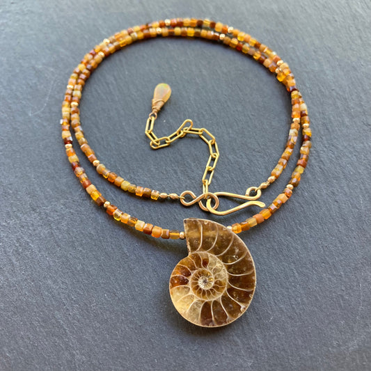 Australian Fire Opal & Gold Ammonite Pendant Choker
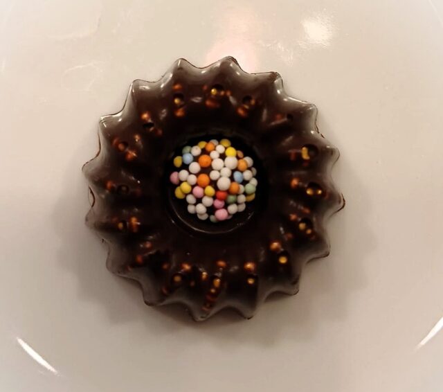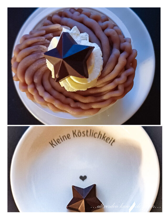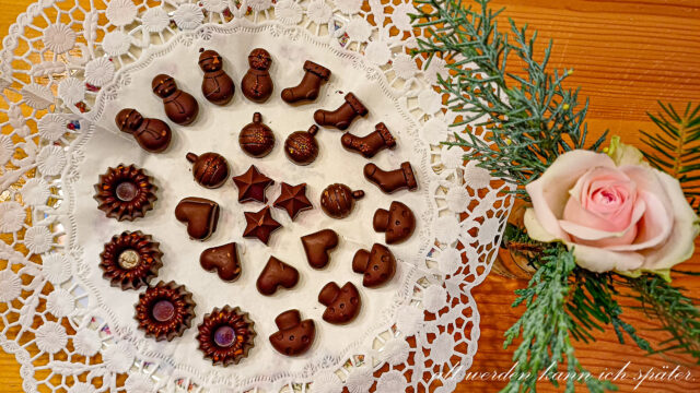 Die kleinen Formen werden zu Kaffee oder heisser Schokolade serviert. Dieses Konfekt habe ich mit Schokolade statt mit Kuvertüre hergestellt, deshalb glänzen sie nicht.
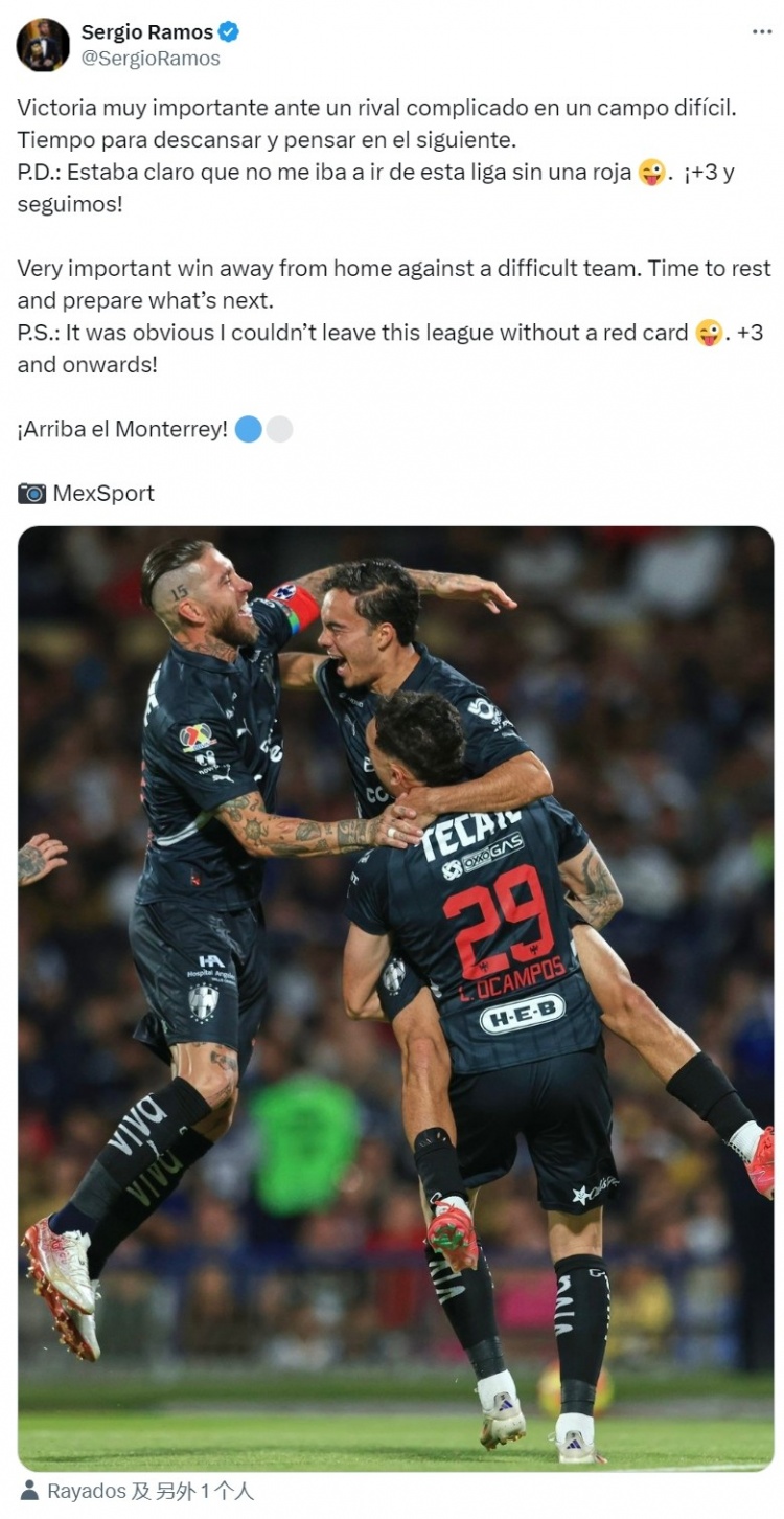 “附注——很明顯,我不能在沒吃到紅牌的情況下離開這個聯(lián)賽。全取三分,繼續(xù)前進,加油蒙特雷!”
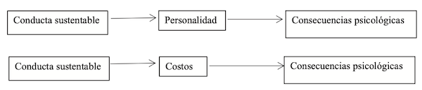 Resumen: La Conducta Sustentable (CS) puede tener tanto repercusiones psicológicas positivas (bienestar, satisfacción, felicidad) como negativas (costos y sacrificios) en las personas que la practican; sin embargo, no se conoce la causa de esta discrepancia. El presente estudio tuvo como objetivo investigar la posible influencia de variables como los rasgos de personalidad y los costos conductuales en la relación entre CS y sus consecuencias positivas en 100 estudiantes universitarios en una ciudad del norte de México. Se utilizaron instrumentos que registran conductas sustentables, escalas que miden felicidad, bienestar psicológico y satisfacción, así como un inventario de los 5 grandes factores de la personalidad y una escala de costos conductuales del comportamiento sustentable. Se encontraron mayores niveles de beneficios psicológicos que de costos conductuales asociados con las CS. Mediante el empleo de ecuaciones estructurales, el estudio también reveló que los rasgos de personalidad no afectan la relación CS-consecuencias positivas, mientras que los costos conductuales sí la influyen, de manera negativa y en una función híbrida, al fungir tanto como mediadores y como moderadores de la relación.

Task requirements: Print out the whole of the material word for word, without pictures.

Finished task:
 Australian Fire Opal & Gold Ammonite Pendant Choker
 Die kleinen Formen werden zu Kaffee oder heisser Schokolade serviert. Dieses Konfekt habe ich mit Schokolade statt mit Kuvertüre hergestellt, deshalb glänzen sie nicht.
 “附注——很明顯,我不能在沒吃到紅牌的情況下離開這個聯(lián)賽。全取三分,繼續(xù)前進,加油蒙特雷!”
 Resumen: La Conducta Sustentable (CS) puede tener tanto repercusiones psicológicas positivas (bienestar, satisfacción, felicidad) como negativas (costos y sacrificios) en las personas que la practican; sin embargo, no se conoce la causa de esta discrepancia. El presente estudio tuvo como objetivo investigar la posible influencia de variables como los rasgos de personalidad y los costos conductuales en la relación entre CS y sus consecuencias positivas en 100 estudiantes universitarios en una ciudad del norte de México. Se utilizaron instrumentos que registran conductas sustentables, escalas que miden felicidad, bienestar psicológico y satisfacción, así como un inventario de los 5 grandes factores de la personalidad y una escala de costos conductuales del comportamiento sustentable. Se encontraron mayores niveles de beneficios psicológicos que de costos conductuales asociados con las CS. Mediante el empleo de ecuaciones estructurales, el estudio también reveló que los rasgos de personalidad no afectan la relación CS-consecuencias positivas, mientras que los costos conductuales sí la influyen, de manera negativa y en una función híbrida, al fungir tanto como mediadores y como moderadores de la relación.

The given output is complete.